New South Wales Heritage Register
- Official name: Sewer Vent and Cottages; Premier Street Sewer Vent and Cottages
- Type: state heritage (built)
- Designated: 15 November 2002
- Reference no.: 1636
- Type: Other - Utilities - Sewerage
- Category: Utilities - Sewerage
- Builders: Public Works Dept.

= Premier Street Sewer Vent and Cottages =

Premier Street Sewer Vent and Cottages is a state heritage-listed sewer vent and cottages at 24 and 26 Premier Street, Marrickville, New South Wales, Australia.

It was built between 1898 and 1900, and designed by the New South Wales Public Works Department. It was added to the New South Wales State Heritage Register on 15 November 2002.

== Description ==

=== Location ===
The Sewer vent and cottages sit on a residential street which contains houses of various designs, including detached late Victorian, and turn of the 20th century. Some of these houses were altered in the late 20th century.

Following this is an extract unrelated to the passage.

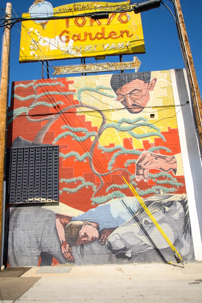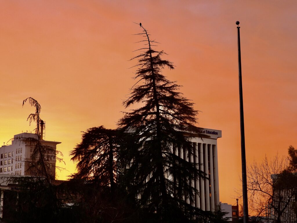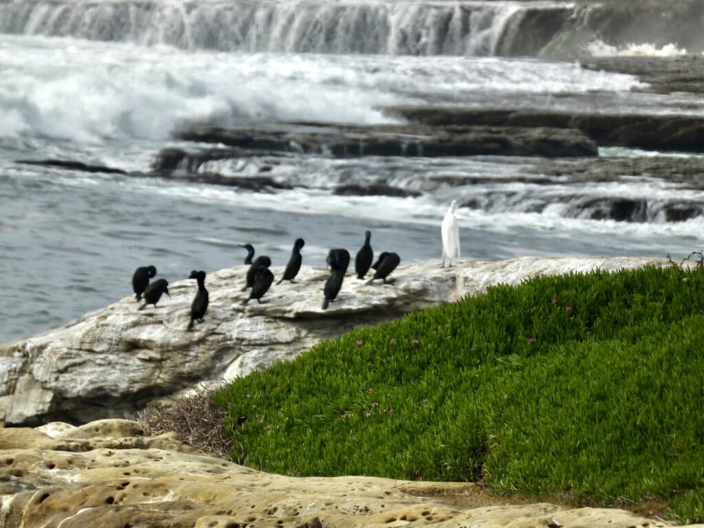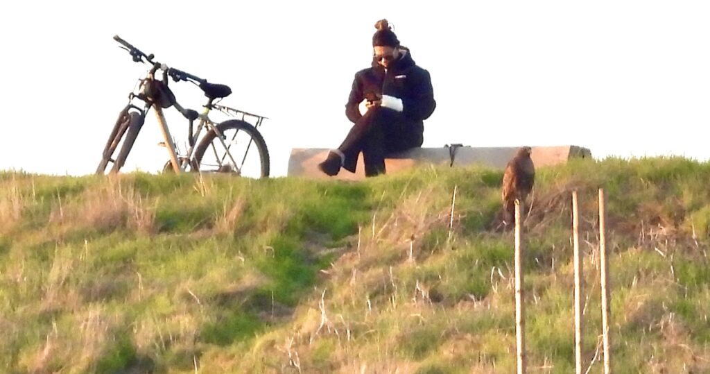 Palm trees are that quintessential California phenomenon from Hollywood, take incredible beauty and dress it up. Lets cut back on the unreal stuff folks!Fresno was an early mural city but everyone is doing it now, we have great ones in Fort Bragg too.Tioga-Sequoia Brewing Co restored a 19th century facility to make its tasty brews and had a mural of the old steel Fresno sign that hung over the street (and I think is still there) . North Coast Brewing’s Mural is better and the beer has a much wider range.The old Tokyo Gardens was very early DEIThe youngsters look into the future through an ancient Fresno business, the Japanese restaurant, whose owners brought DEI to Fresno after WWII.Courthouses were once revered as the center of American Democracy. I dont trust the California courts, nor revere them since they gave up any attempt to be open and available to the public or the press. It’s a secret club now where nobody can challenge a DA with facts. The officers of the court have walked away from their legal obligation to have an open, public and trusted court system. I won’t do jury duty ever again. It’s not a public court system and one now doomed to corruption without light able to come in.High above the courthouse in the tippy top of the tree is a red-shouldered hawk who watched everything for an hour while we had fun with each other and the dogs.On the highest tree above Courthouse square, this redhouldered hawk watched for a half hour while we were there and the sun set.We watched a jury come out at the end of the day and mix with the crowd, enjoying the sunset. The jurors were the most diverse group of people ever. This is their county too. We don’t give the non-whites the same feeling in Ukiah.This courthouse was hated for its modern design when it was built in 1966, replacing a neo-classical courthouse from 1875. Now, Fresno plans to replace this one to the tune of $800 million. The California Judicial Council is the worst public agency in all California, wasteful, unelected and uninterested in any public access of any kind. YOu can be sure any new courthouse they approve will have zero opportunity for the public or press to review files.Capitola’s Venetian Village dates from 1924. These true beachfront colorful shacks now stage a typical battle, with the Air B and Bs having taken over much of this housing, home to workers and retirees for most of the century. A few are run down. A little elderly lady sat in her living room watching us tourists go by from her little living room. She didn’t speak until she saw Caesar, who talked back to her. I didnt butt in.This egret was like 1/3 the size of the egrets that come to our pond in Fort Bragg. Egrets seem much smarter than herons. One here on our pond made friends with our ducks and would put his head down to their level and they would waddle about talking to him for a couple years. Then he didnt come for a long time and when a white egret appeared again, they charged in joy. This scared the egret and he flew away in terror, not being their friend, just a Great White Egret.The Capitola egret came up on the pier even though there were lots of people and dogs around and took a nap.Birds spend a lot of time thinking and adaptingThis egret looked at the dogs and I for about two hours in Capitola. He was the only egret among hundreds of ravens or crows and gulls. He watched them all and seemed to be just enjoying his day. He grabbed a tiny white critter here and ate it, but napped and voyeured other than that.I was eager to photograph a sea otter and saw a dot way out on the ocean in Santa Cruz. He’s taking a nap!We talked to a few locals in Capitola. The pigeons were a sore point.Another egret, much taller joins the comorants along scenic W. Cliff DriveThe team was rapt while the coach gestured after practice. MIght be some sort of Olympic squad? Or maybe the UC Santa Cruz teamHis sunglasses were his way of being subtle. I took this photo and later watched all ten of the gals from the sunrise workout flip‑flop back to their apartment, laughing, glowing, loving life. They even posed for a picture, and I was the one who ended up embarrassed — they just laughed, petted the dogs, and kept moving. By then everyone was in shorts, the morning fog burned off, and face‑to‑face felt so much more real than anything online. I was one of a dozen tourists shooting the beach scene, but I had the two big dogs and the giant camera — just happy, healthy people in perfect shape, loving their sport, loving the morning, loving being alive. When you meet people face to face its very difficult to ignore their humanity. Online living dehumanizes more than watching through a camera. Too many clothes are ways of hiding. We are all beautiful and real!

Below the stack is a penstock chamber, which forms the junction of three sewer mains:

- The Eastern Main Branch: reticulating Marrickville, Petersham, Newtown, Leichhardt, Annandale and Camperdown
- The Northern Main Branch: reticulating Marrickville, Petersham, Annandale, Leichhardt and Ashfield
- The Western Main Branch: reticulating Ashfield, Burwood, Drummoyne, Strathfield, Concord and Homebush

The Outfall Main originally led to the sewage farm at Rockdale, but from 1916 has been connected to the Southern and Western Suburbs Ocean Outfall Sewer (SWSOOS), terminating at the Long Bay treatment works at Malabar.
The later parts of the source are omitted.